Your output should be the lines from the one with "Las compras de" through the last line of the records below, exactly as written, minus the pictures.

Data for processing -
=-=-=-=-=
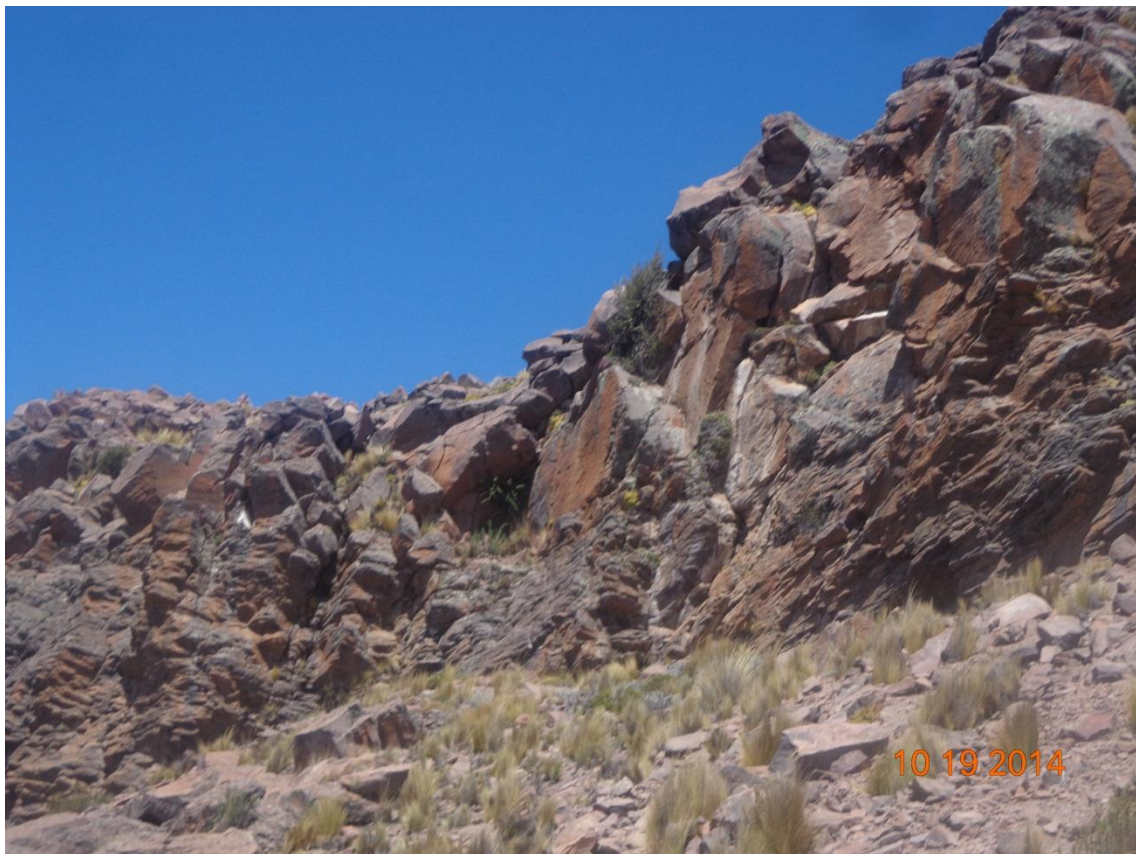
FOTOGRAFÍA DE TANA PACA ARCHIVOS DE CUADERNO DE CAMPO MURALLAS ACOPLADAS AL GEOGRAFIA DEL CERRO TERCER AMURALLA PUNTOS MUERTOS
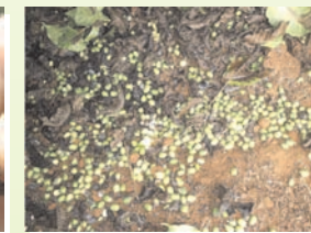
queda dos frutos
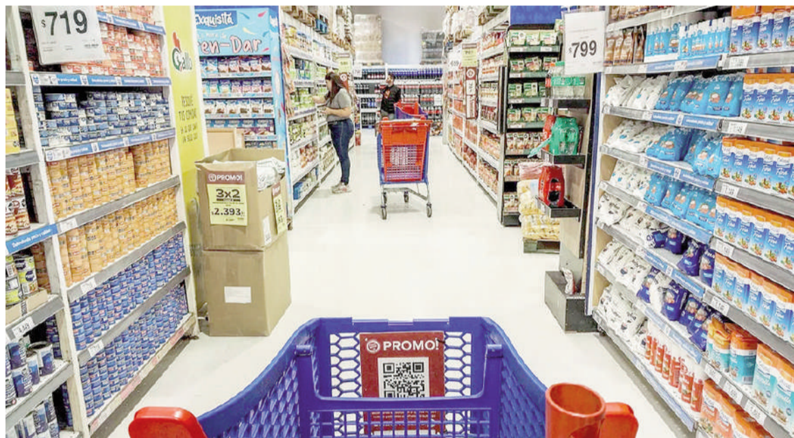
Las compras de alimentos y en supermercados siguen en caída.

Este retroceso no es un dato aislado, sino que se alinea con las mediciones de la Confederación Argentina de la Mediana Empresa (CAME) y de la consultora SCENTIA, que también reportaron bajas sig-
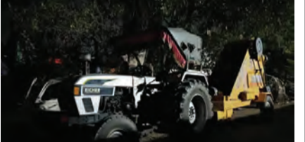
सोन वर्षा वाणी । संवाददाता

बक्सर । बक्सर में अवैध मिट्टी खनन के खिलाफ कार्रवाई करते हुए मुफरिस्सल थाना पुलिस ने भभुअर स्थित सरकारी पोखरे से एक रैपर मशीन और एक ट्रैक्टर जब्त किया है। पुलिस ने खनन विभाग को इसकी सूचना दे दी है। गुरुवार रात मुफरिस्सल थाना पुलिस को सूचना मिली थी कि भभुअर के सरकारी पोखरे से बड़े पैमाने पर अवैध मिट्टी का खनन किया जा रहा है। सूचना मिलते ही पुलिस टीम मौके पर पहुंची। पुलिस को देखते ही मौके पर मौजूद मिट्टी माफियाओं में अफरा-तफरी मच गई। कई ट्रैक्टर चालक अपने वाहन लेकर भागने में सफल रहे, लेकिन पुलिस ने एक ट्रैक्टर और मिट्टी काटने वाली रैपर मशीन को जब्त कर लिया।
=-=-=-=-=
Solution -
Las compras de alimentos y en supermercados siguen en caída.

Este retroceso no es un dato aislado, sino que se alinea con las mediciones de la Confederación Argentina de la Mediana Empresa (CAME) y de la consultora SCENTIA, que también reportaron bajas sig-
सोन वर्षा वाणी । संवाददाता

बक्सर । बक्सर में अवैध मिट्टी खनन के खिलाफ कार्रवाई करते हुए मुफरिस्सल थाना पुलिस ने भभुअर स्थित सरकारी पोखरे से एक रैपर मशीन और एक ट्रैक्टर जब्त किया है। पुलिस ने खनन विभाग को इसकी सूचना दे दी है। गुरुवार रात मुफरिस्सल थाना पुलिस को सूचना मिली थी कि भभुअर के सरकारी पोखरे से बड़े पैमाने पर अवैध मिट्टी का खनन किया जा रहा है। सूचना मिलते ही पुलिस टीम मौके पर पहुंची। पुलिस को देखते ही मौके पर मौजूद मिट्टी माफियाओं में अफरा-तफरी मच गई। कई ट्रैक्टर चालक अपने वाहन लेकर भागने में सफल रहे, लेकिन पुलिस ने एक ट्रैक्टर और मिट्टी काटने वाली रैपर मशीन को जब्त कर लिया।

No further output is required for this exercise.